UN MUNDO SIN INTERNET (I)
Es un día caluroso en pleno verano, un día de
Julio. Esperaba ansiosa el momento de irme a pasar un mes entero con mis
abuelos al pueblo, como cada Agosto.
Pero en ese día veraniego de Julio, las horas pasaban muy lentamente, parecían burlarse de mí. El calor era pegajoso y nublaba la mente, asfixiaba un poco, hasta pensar resultaba agotador. Decidí bajarme con mi bocadillo a la calle, como cada tarde.
Esos días interminables desde que acababa el colegio hasta
que nos íbamos, eran eternos, especialmente tediosos.
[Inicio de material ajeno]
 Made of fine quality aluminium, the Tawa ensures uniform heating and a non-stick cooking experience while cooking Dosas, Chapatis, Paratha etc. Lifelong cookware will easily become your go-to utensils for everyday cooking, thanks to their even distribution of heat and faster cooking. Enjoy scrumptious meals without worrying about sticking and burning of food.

Pasábamos cada mes de Agosto mis dos primas, mi hermana
pequeña y yo en un pueblecito de Badajoz, en el que nacieron mis padres y mis
cuatro abuelos. El pueblo.
Para mí significaba un pedacito de independencia, los padres
se quedaban en la ciudad y dejaban a los abuelos ejercer su autoridad sobre las
nietas. Pero para nosotras resultaba más sencillo “manejarlos”, en el buen
sentido, claro.
El pueblo tenía mucho encanto.
Se posaba sobre un valle montañoso, todas sus calles
eran empinadas y con interminables cuestas. En la parte más alta, en lo alto de
la ladera; nos miraba y protegía un antiguo castillo medieval.
El castillo era uno de los principales atractivos
turísticos. Estaba en ruinas pero podía visitarse y se convirtió en nuestro
refugio secreto durante muchos veranos.
A pesar del tiempo, el castillo estaba conservado en muy
buen estado, lo suficiente como para aguantar a un puñado de jóvenes con ganas
de matar el tiempo y de descubrir cosas nuevas.
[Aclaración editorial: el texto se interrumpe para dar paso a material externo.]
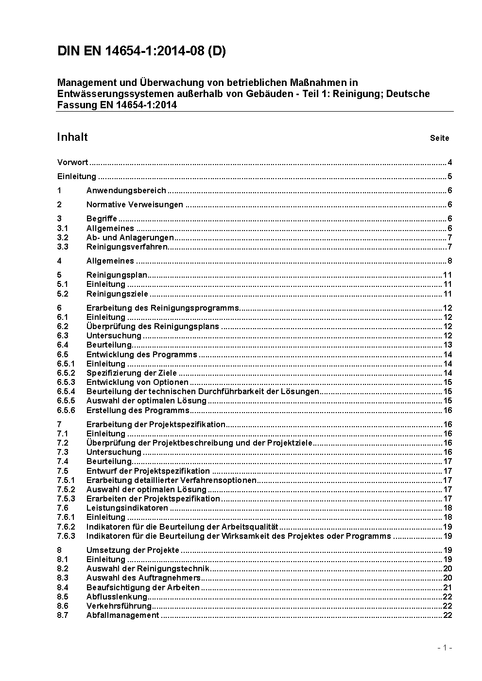 Management and control of cleaning operations in drains and sewers - Part 1: Sewer cleaning; German version EN 14654-1:2005

Pero todavía quedaban unos cuantos
días por delante, todavía estaba en mi casa, en un barrio del sur de Madrid, a
unos cuatrocientos kilómetros de allí.
…Yo vivía en un mundo que ahora resultaría raro. Un mundo
donde la tecnología aún no había entrado precisamente en auge, donde lo normal
era estar todo el día en la calle, relacionarte con los demás sin ningún tipo
de miedo o prejuicio. Lo normal entonces era compartir los problemas,
hablar con la gente sin más, comunicarse.
Un mundo sin internet.
Un poco difícil de imaginar ahora. Sin móviles y
sin internet. Algunas tardes las pasaba metida en el videoclub de la esquina, mirando películas y más películas e imaginando que era la protagonista de cada una de las historias. Al final acababa alquilando varias para que el dueño de la tienda dejara de mirarme de forma rara.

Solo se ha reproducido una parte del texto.